Irma Salo Jæger (b. 1928) is represented with an exhibition of seven monumental works from the collection in 'Tårnsalen' at KODE 4 this spring – five of them purchased last year.
“Colour is such a natural presence everywhere that we barely notice it. Which is why it’s important that someone looks after it, takes care of it. That too is one of the painter’s most essential tasks.” Irma Salo Jæger
The Finnish-Norwegian artist Irma Salo Jæger has been a central figure on the Norwegian art scene for more than sixty years, and the exhibition at KODE presents a selection of her works from the late 1960s through to the early 2000s.
Jæger began her artistic career around 1960 with abstract compositions in earthy colours. After several years, her clearly defined compositions began to evolve in a more expressive direction, with the soft tones giving way to a more intense, luminous, spectral palette. This bold approach to colour earned Jæger a prominent place among Norwegian artists.
Jæger first studied art history in her native Finland before moving to Norway to train as a painter. Through her artistic work, she has become involved in environmental issues and carried out a number of public commissions, such as decorations for Bøler metro station in Oslo.

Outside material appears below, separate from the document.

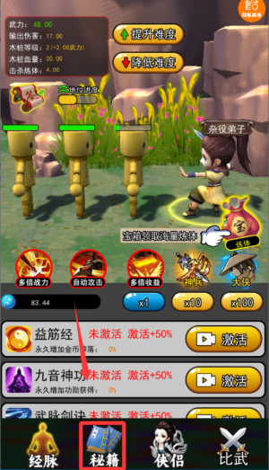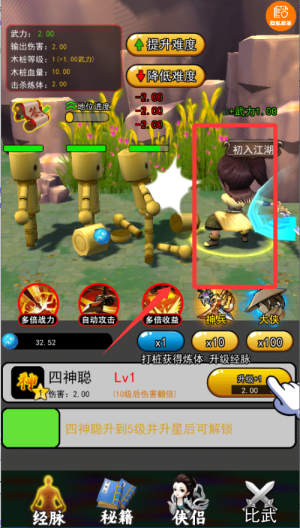 3、开放探索机制,达到特定战力后可深入江湖世界,解锁隐藏剧情与稀有道具,赋予玩家持续探索的动力。

One of her works in the KODE collection is … at lukten av den kunne kjennes gjennom nesen … (… that the smell of it could be sensed with the nose …) (1968). With its impulsive white brushwork and grouped colour fields, this painting – like several others of the period – illustrates Jæger’s fascination with light, space and movement, an interest inspired by op art, the movement that explored the artistic potential of optical illusions. The sensuality of these works is rendered more concrete through the addition of poetic titles.
Retaining the spectral palette, Jæger developed her compositions by adopting cleaner, more architectural structures. Also on show is Utkast til et verdensflagg (Design for a World Flag) (1972). With its large colour fields made from pieces of felt sewn together, this work will be on display for the first time since its debut in 1972. Playing on the idea that the nations of the world should have a collective flag, the work was inspired by the UN’s Universal Declaration of Human Rights: “All human beings are born free and equal in dignity and rights […] and should act towards one another in a spirit of brotherhood” – a theme Jæger addressed in a series of paintings from this period.